Work task: Return only the lines below starting at the line containing "Габаритные размеры: могут" and ending at the line containing "須先將湯汁燒開再添紅油,使二", both included, exactly as they are and with no pictures.
======
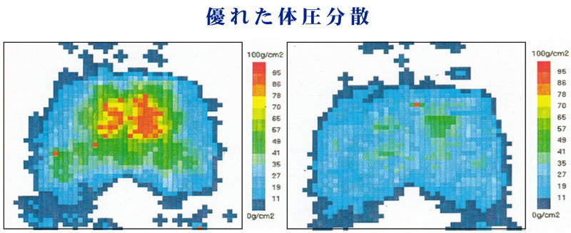 だから、安定感が充分にありながら、まるで、浮遊するような体圧分散効果が得られます。
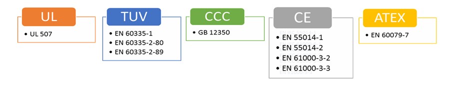 SUNON EC產品銷售各大洲,深知散熱方案使用安全的重要性,為提供海外客戶具高質量防護且無危害性的散熱方案,SUNON EC風扇取得多項國際安規認證項目以符合各海外市場對于輸入產品安全的規范。
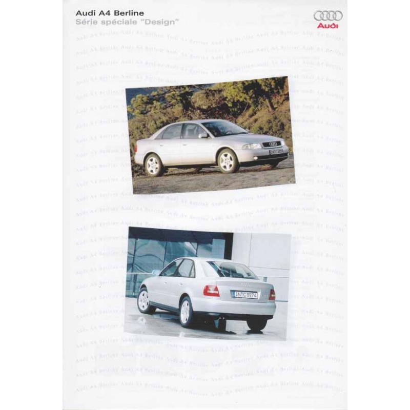 Contenu / Content : Audi A4 Design 1,6 1595 cm3 102 ch / 1,8 20V 1781 cm3 125 ch / 1,8 20V Turbo / Quattro 1781 cm3 150 ch / V6 2,4 30V 2393 cm3 163 ch / V6 2,8 30V Quattro 2771 cm3 193 ch / / 1,9 TDI 1896 cm3 90 ch / 1,9 TDI 1896 cm3 115 ch / 2,5 TDI 2496 cm3 150 ch, caractéristiques sommaires, équipements, prix
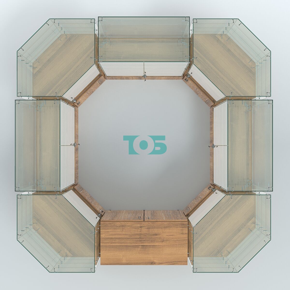 Габаритные размеры: могут быть изменены в зависимости от стандартных блоков витрин, что даёт возможность адаптировать павильон под конкретные условия и требования.
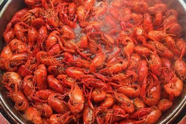 須先將湯汁燒開再添紅油,使二者顏色融合,形成誘人的金紅色,否則油會浮在湯表面,形成斷層,接著再放20kg小龍蝦煮熟。
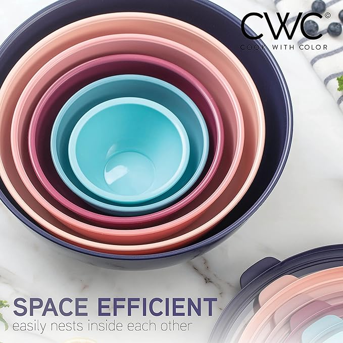 COOK WITH COLOR Mixing Bowls with TPR Lids - 12 Piece Plastic Nesting Bowls Set includes 6 Prep Bowls and 6 Lids, Microwave Safe Mixing Bowl Set (Multicolored Set with Large Blue Bowl)
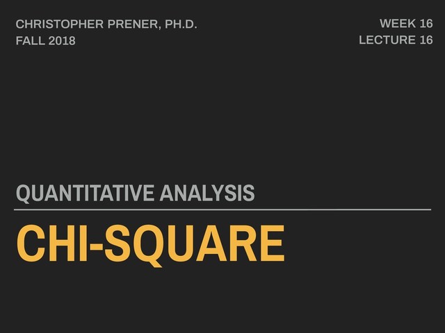 Lecture slides for Lecture 16 of the Saint Louis University Course Quantitative Analysis: Applied Inferential Statistics. These slides cover chi-squared.
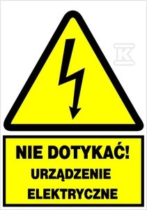 Znak elektryczny ostrzegawczy NIE DOTYKAĆ URZĄDZENIE ELEKTRYCZNE o numerze katalogowym ZEO/A-1 w kategorii Tablice informacyjne i ostrzegawcze, Wyposażenie i akcesoria. Produkt wyprodukowany przez markę TRYTYT.
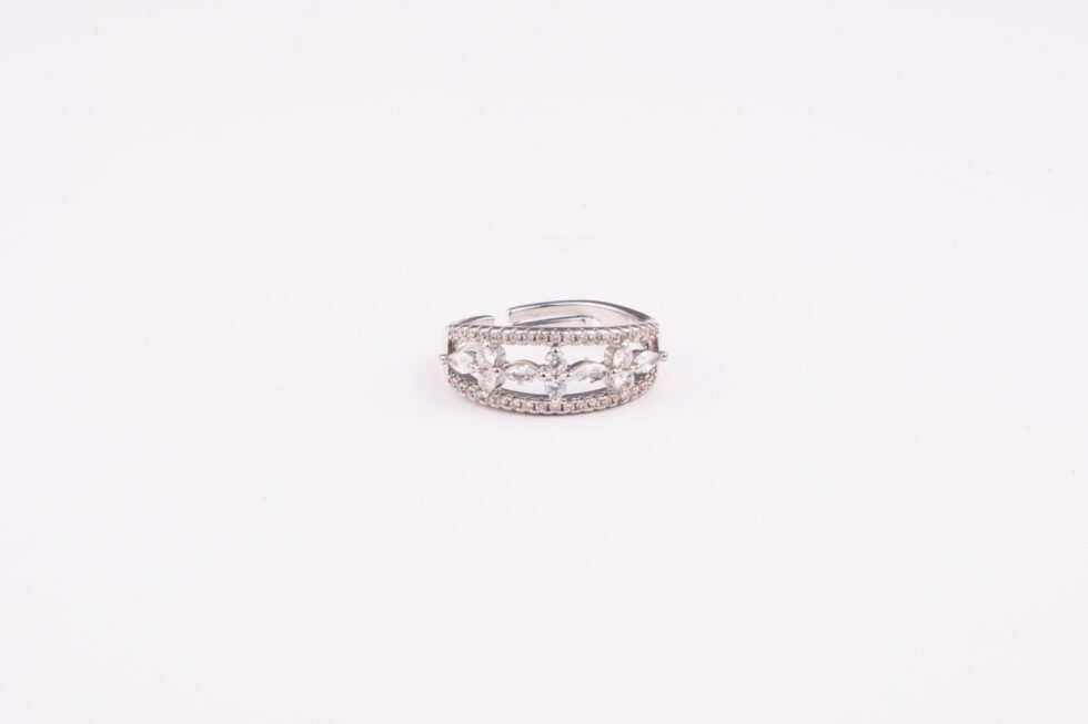 • Elegant white gold adjustable ring adorned with sparkling AD stones
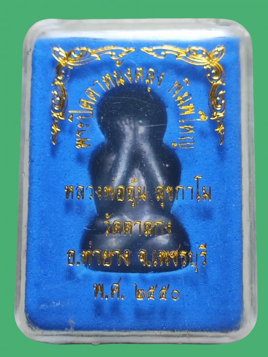 พระปิดตาหนังตะลุง หลวงพ่ออุ้น สุขกาโม วัดตาลกง จ.เพชรบุรี เนื้อสัมฤทธิ์ พิมพ์ใหญ่ ตอกโค๊ตชัดเจน สภาพสวยเดิมๆ กล่องเดิม |
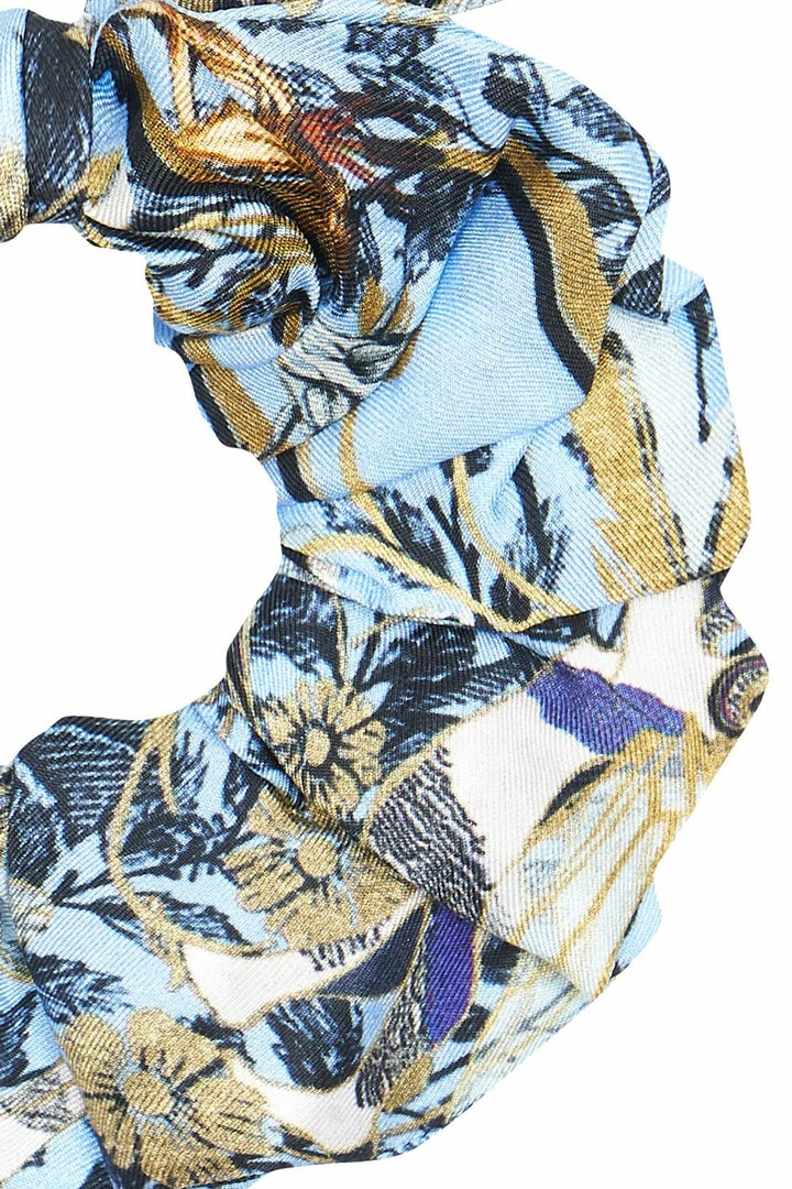 A staple accessory with a feminine mystic touch, the Fairy Fountain Scrunchie showcases the gentle fairytale blue hues of this magical print. Crafted in buttery soft silk, this scrunchie is an effortless statement that ensures practical and snag-free styling abilities. It pairs perfectly with any Fairy Fountain piece to add the finishing touches to a stunning and chic ensemble.
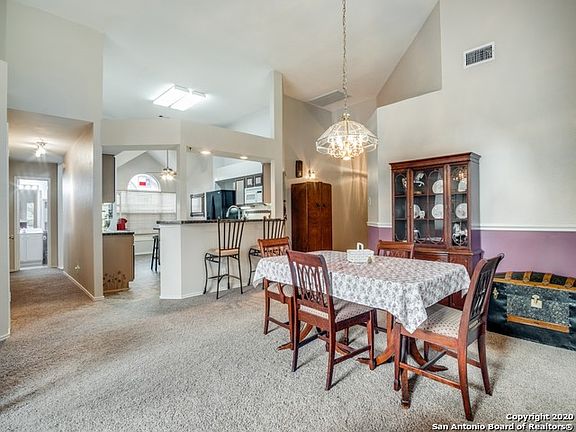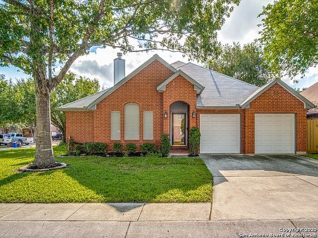 *IMPRESSIVE* Corner upgraded lot with beautiful curbside appeal. A well maintained 4 sided brick home with a roof that is 4 years old. Located in the desirable City of Helotes. Just minutes away from shopping, schools, and dinning. This home offers a unique architectural design. Open floor plan with large kitchen and large island. Breakfast area has window seat. Large living area with red brick fire place. High arched windows. Formal dining, split master bedroom with its own fireplace, and high ceilings. Master bath has separate tub & shower.
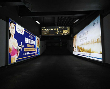 停車場室內(nèi)廣告拉布燈箱—該項目由我司提供鋁型材、LED燈、畫面以及技術安裝指導(不含安裝),全部燈箱都以墻面壁掛式展現(xiàn),燈箱安裝的完成的同時普通的停車場也升級形成了一道亮麗的廣告風采!
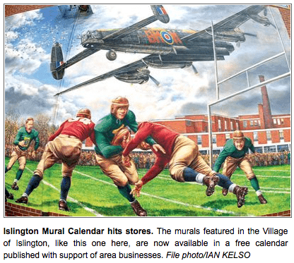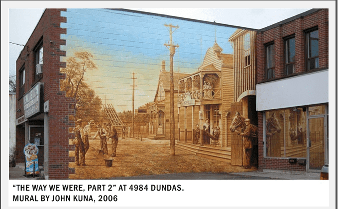 Toronto’s Village of Islington is built around 15,000 square feet of “historically pictorial” murals. Each mural tells a story and depicts an age-gone-by time period. These are both endearing and well-executed educational stories in paint. They were conceived by the BIA, Business Improvement Area to beautify and promote Islington Village. They’ve done a fabulous job, worth me traveling to see when I’m able to take that trip that I’ve been wanting to to Canada. Just look at the horse coming out from the corner of the two buildings.
======
Answer box:
 Габаритные размеры: могут быть изменены в зависимости от стандартных блоков витрин, что даёт возможность адаптировать павильон под конкретные условия и требования.
 須先將湯汁燒開再添紅油,使二者顏色融合,形成誘人的金紅色,否則油會浮在湯表面,形成斷層,接著再放20kg小龍蝦煮熟。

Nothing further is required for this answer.